WHAT YOU SHOULD DO ▸ Give back each entry unchanged, minus pictures.

DATA TO USE ▸
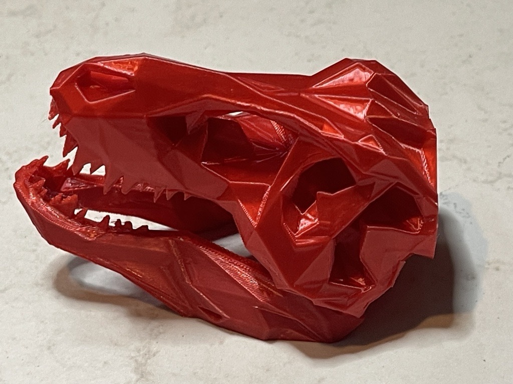 Một bộ xương đầu T-Rex low poly, in không cần hỗ trợ.
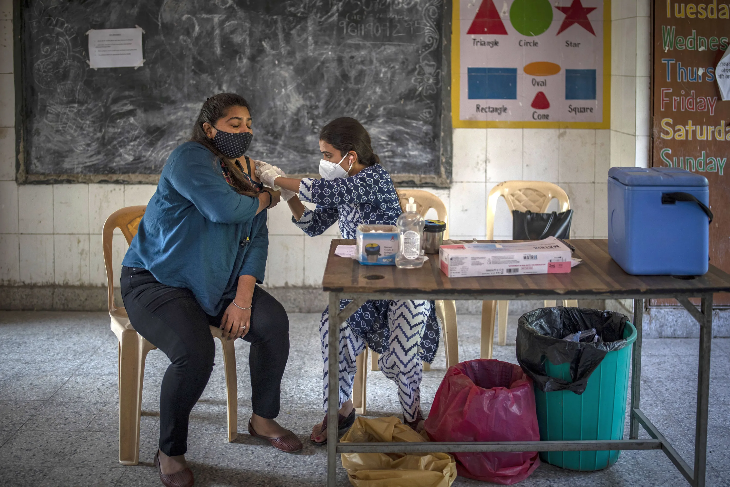 A health worker inoculates a woman during a vaccination drive against coronavirus inside a school in New Delhi, India, Wednesday, October 20, 2021. India is nearing a milestone of administering a total of one billion doses against COVID-19. (Photo by Altaf Qadri/AP Photo)
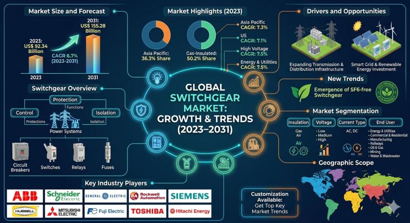 According to a new market study by The Insight Partners, the global switchgear market is experiencing strong and sustained growth due to rising electricity demand, expanding power infrastructure, and increasing adoption of smart grid and renewable energy technologies. The report estimates that the market will grow from US$ 92.34 billion in 2023 to US$ 155.28 billion by 2031, registering a compound annual growth rate (CAGR) of 6.7% during the forecast…
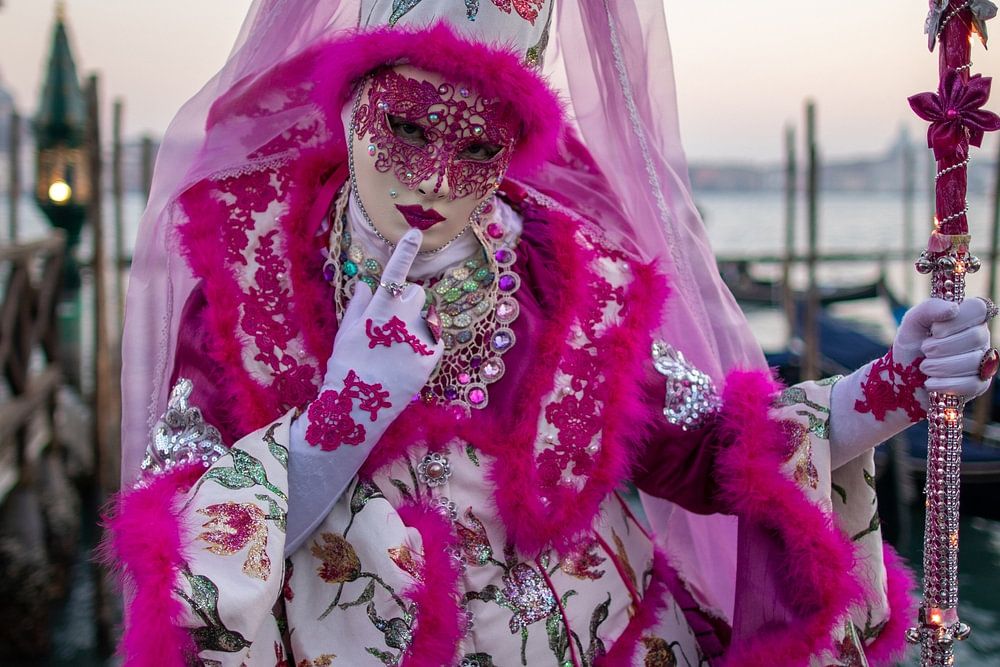 Costume rose au carnaval de la place Saint-Marc à Venise par t.ART
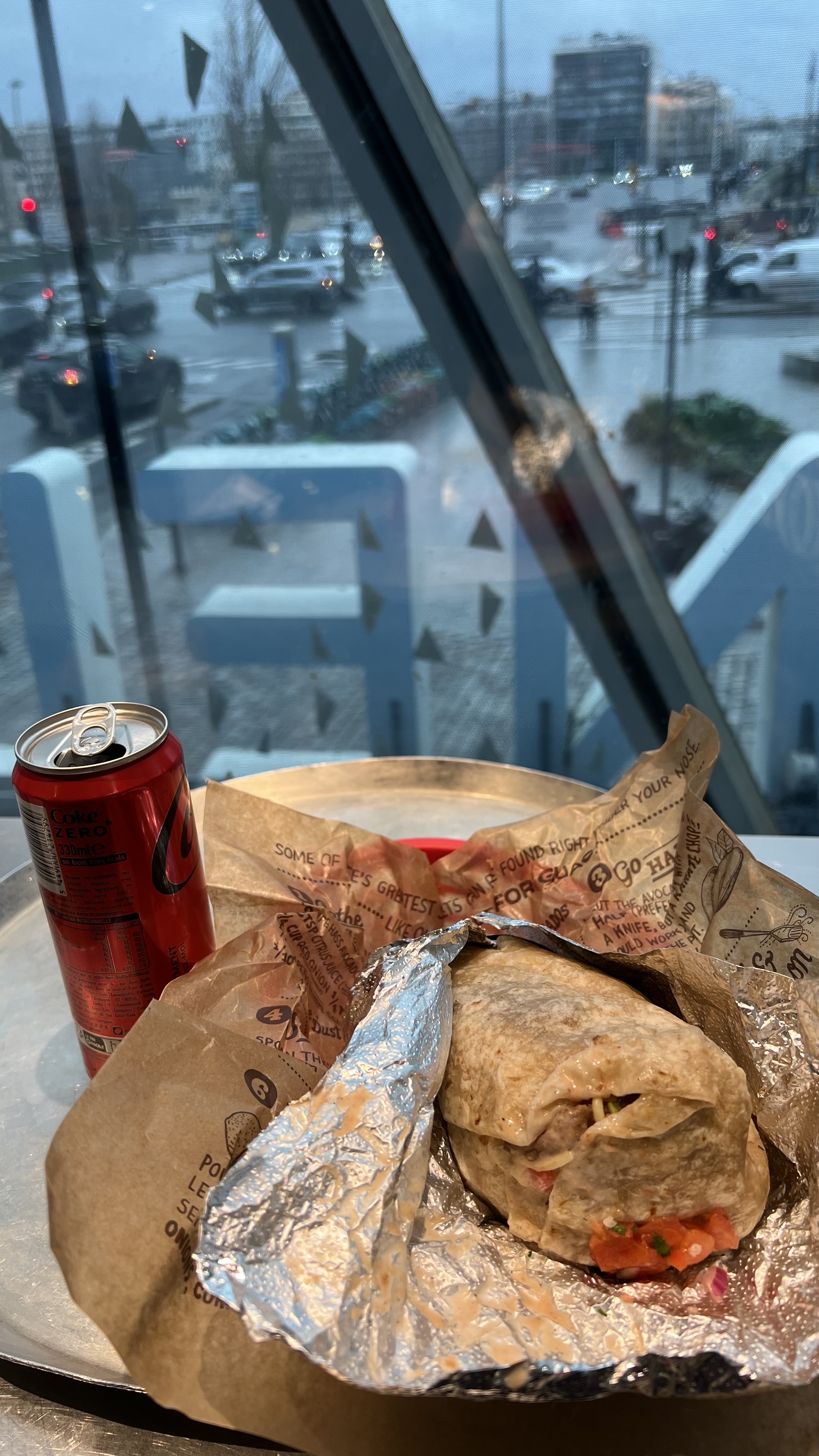17 balles … franchement, le burrito est froid et un peu éclaté, le coca est tiède. Présentation de la composition qui fait pas voyager, Les touches de la machine à carte bleue pleine de graisse. Première et dernière içi. Vaut pas le coup. Deux étoile pour la vue.
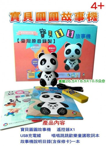 ◆商品規格:寶貝圓圓故事機、遙控器、USB充電線、唱唱跳跳歡樂童謠歌本、故事機說明目錄。
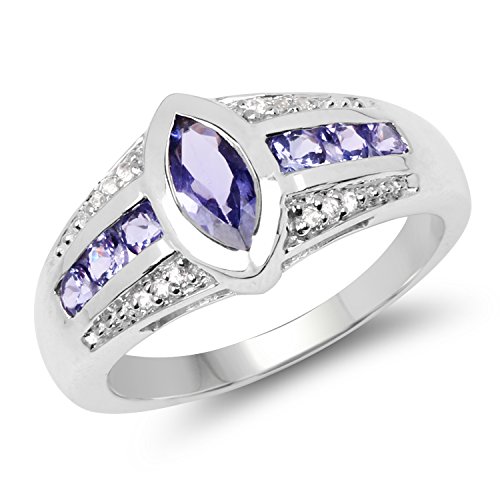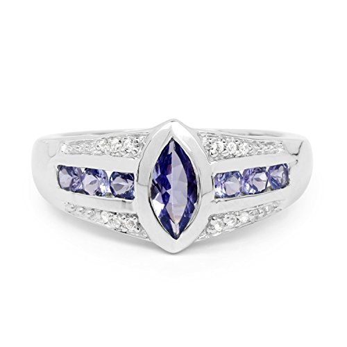 -. Title : 1.20 Carat Genuine Tanzanite & White Topaz .925 Sterling Silver Ring
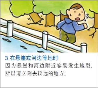 首先要保护好头部,避开危险之处。当大地剧烈摇晃、站立不稳的时候,人们都会有扶靠、抓住什么的心理。身边的门柱、墙壁大多会成为扶靠的对象。但是,这些看上去挺结实牢固的东西,实际上却是危险的。在1987年日本宫城县海底地震时,由于水泥预制板墙、门柱的倒塌,曾造成多人死伤。因而务必不要靠近水泥预制板墙、门柱等处躲避。在繁华街、楼区,最危险的是玻璃窗、广告牌等物掉落下来砸伤人。要注意用手或手提包等物保护好头部。此外,还应该注意自动售货机翻倒伤人。
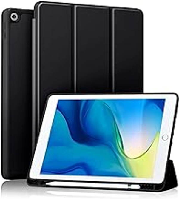 HB PLUS Protective Case Includes A Soft TPU Back Auto Sleep/Wake Cover and Pencil Holder Compatible with iPad 10.2 Inch (Black)
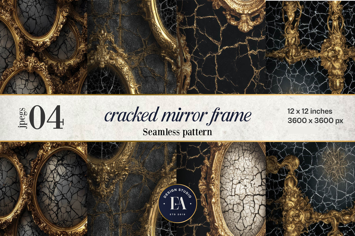 Cracked Mirror Frame Pattern | Black Gold Baroque is perfect for your creative and crafty projects. It can be used in Gift Wrapping, Promotional Items, Invitations, Wallpaper, Greeting Cards, Planners, Journals, Scrapbook, Notebook Covers, T-Shirts, Mugs, Tumbler, Puzzles, Crafting and much more,

WRITTEN RESPONSE ▸
 Một bộ xương đầu T-Rex low poly, in không cần hỗ trợ.
 A health worker inoculates a woman during a vaccination drive against coronavirus inside a school in New Delhi, India, Wednesday, October 20, 2021. India is nearing a milestone of administering a total of one billion doses against COVID-19. (Photo by Altaf Qadri/AP Photo)
 According to a new market study by The Insight Partners, the global switchgear market is experiencing strong and sustained growth due to rising electricity demand, expanding power infrastructure, and increasing adoption of smart grid and renewable energy technologies. The report estimates that the market will grow from US$ 92.34 billion in 2023 to US$ 155.28 billion by 2031, registering a compound annual growth rate (CAGR) of 6.7% during the forecast…
 Costume rose au carnaval de la place Saint-Marc à Venise par t.ART
17 balles … franchement, le burrito est froid et un peu éclaté, le coca est tiède. Présentation de la composition qui fait pas voyager, Les touches de la machine à carte bleue pleine de graisse. Première et dernière içi. Vaut pas le coup. Deux étoile pour la vue.
 ◆商品規格:寶貝圓圓故事機、遙控器、USB充電線、唱唱跳跳歡樂童謠歌本、故事機說明目錄。
 -. Title : 1.20 Carat Genuine Tanzanite & White Topaz .925 Sterling Silver Ring
 首先要保护好头部,避开危险之处。当大地剧烈摇晃、站立不稳的时候,人们都会有扶靠、抓住什么的心理。身边的门柱、墙壁大多会成为扶靠的对象。但是,这些看上去挺结实牢固的东西,实际上却是危险的。在1987年日本宫城县海底地震时,由于水泥预制板墙、门柱的倒塌,曾造成多人死伤。因而务必不要靠近水泥预制板墙、门柱等处躲避。在繁华街、楼区,最危险的是玻璃窗、广告牌等物掉落下来砸伤人。要注意用手或手提包等物保护好头部。此外,还应该注意自动售货机翻倒伤人。
 HB PLUS Protective Case Includes A Soft TPU Back Auto Sleep/Wake Cover and Pencil Holder Compatible with iPad 10.2 Inch (Black)
 Cracked Mirror Frame Pattern | Black Gold Baroque is perfect for your creative and crafty projects. It can be used in Gift Wrapping, Promotional Items, Invitations, Wallpaper, Greeting Cards, Planners, Journals, Scrapbook, Notebook Covers, T-Shirts, Mugs, Tumbler, Puzzles, Crafting and much more,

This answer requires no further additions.